The organizers of the celebration announced that the ambassadors of Russia, Belarus, the US, Britain, and France to Ukraine could not take part in the festivities for political reasons (that day Ukraine’s new Cabinet of Ministers was being confirmed in office), and because of bad weather conditions.
Instead of unveiling a monument to the “Big Three,” featuring the figures of Franklin Roosevelt, Winston Churchill, and Joseph Stalin (the latter’s statue, designed by the well known sculptor Zurab Tsereteli, has already been cast in Russia) the organizers confined themselves to installing a bust of Roosevelt on a Yalta street named in his honor. The idea of immortalizing Stalin in bronze had the rabid support of Yalta communists and the Crimean League of Soviet Officers. After a number of politicians criticized the project, the Council of Ministers of the Crimea announced that it had made no decisions on erecting a monument to the leaders of the anti-Nazi coalition. The announcement led to a number of public actions in the Crimea, both in protest against the project and in favor.
The idea to build a monument triggered a vigorous protest among the Crimean Tatars, both in the Crimea and elsewhere. The Crimean Tatar community of Moscow issued a strongly-worded statement against erecting a monument to the dictator, claiming this would signal the revival of Stalinism. “The attempt to erect a monument to this villain looks especially sacrilegious where the Crimea is concerned,” the statement says, “for during the war it was Stalin and his henchmen who carried out the horrendous deportation of more than one-quarter of the peninsula’s population: Crimean Tatars, Germans, Greeks, Bulgarians, and Armenians. It was Stalin’s generals and the would-be generalissimo himself who surrendered the Crimean peninsula to the enemy at the very beginning of the war in 1941, in fact abandoning the civilian populace to its fate and later accusing it of collaborating with the Germans. It should be also remembered that Stalin was personally responsible for the repressions and purges of the 1920s — 1930s as well as for the manmade famine in the Crimea in the early 1930s.
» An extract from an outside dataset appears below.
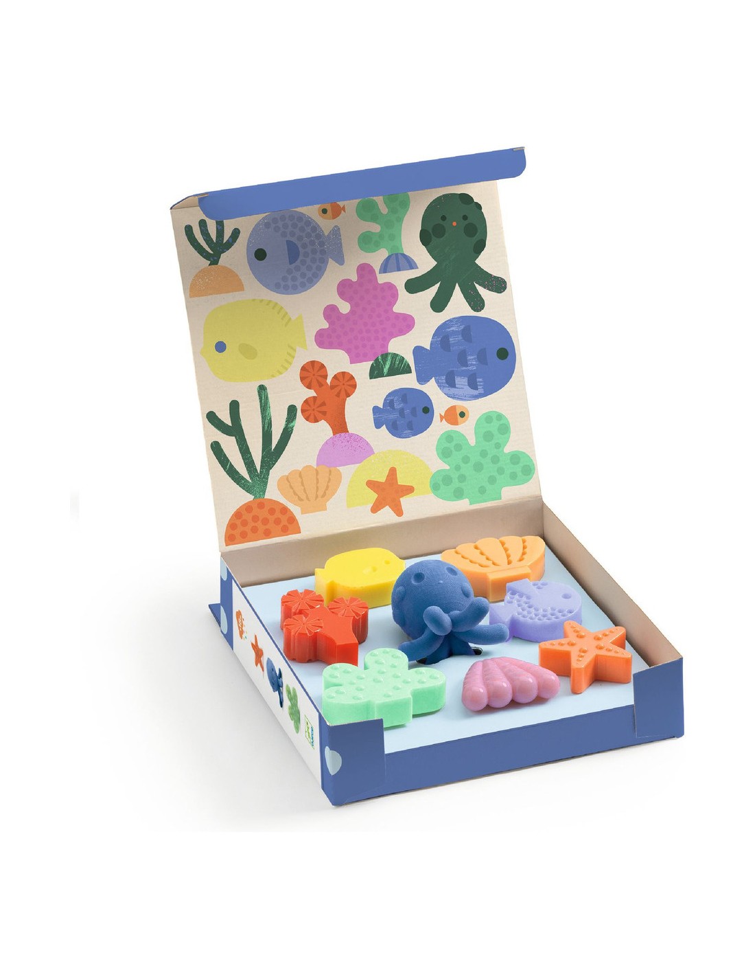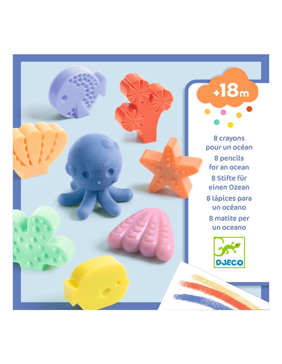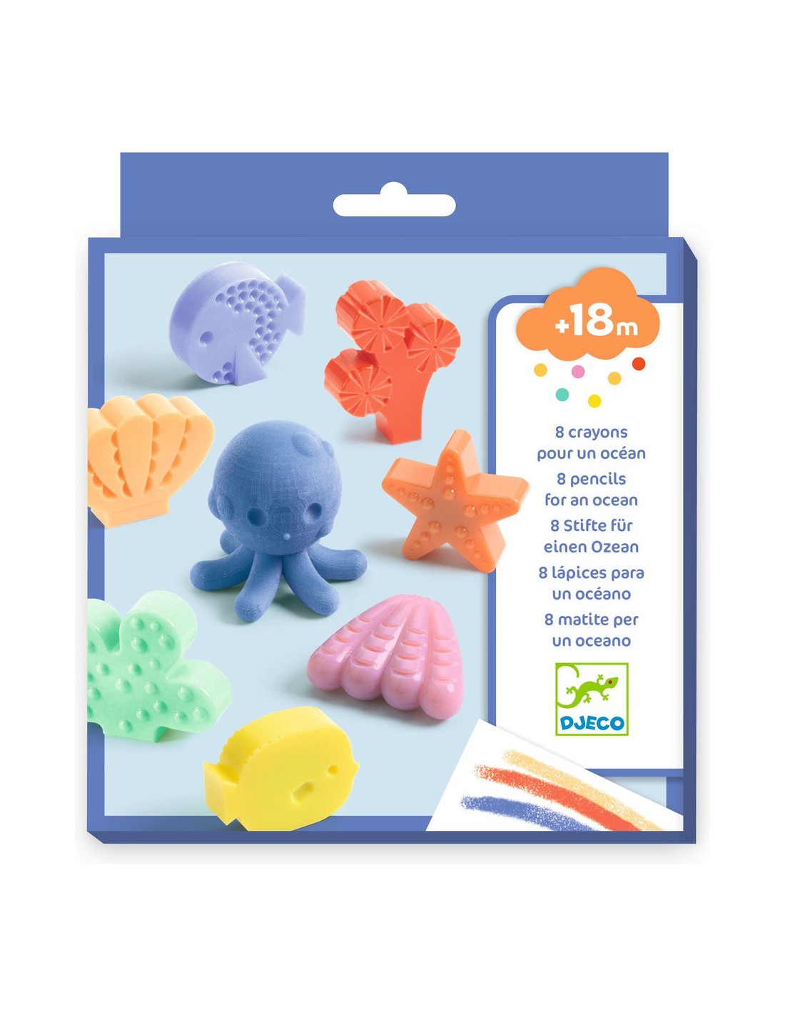 8 crayons pensés pour les petites mains. Des formes ludiques et rigolotes pour inventer un océan plein de vie : des crayons pour jouer, explorer et dessiner… sans aucune tache !

Therefore, any attempt to put Stalin back on the pedestal, with or without Churchill and Roosevelt, is intentional or unintentional rehabilitation of this bloody tyrant, which cannot but arouse righteous indignation not only in the victims of Stalin’s terror and their descendants but also all people of sound mind.”
In the meantime, Volodymyr Kazarin, deputy chairman of the Crimean government and one of the celebration organizers, announced that the monument to the “Big Tree” would be unveiled later, in March or April. Liudmyla Kovaliova, curator of the Livadiya Palace Museum, says that so far there are no legal grounds for erecting this monument. The monument’s opponents in Yalta and Simferopol have set up Anti-Stalin Committees to block the transport of Tsereteli’s creation to the Crimea and its installation near Livadiya Palace.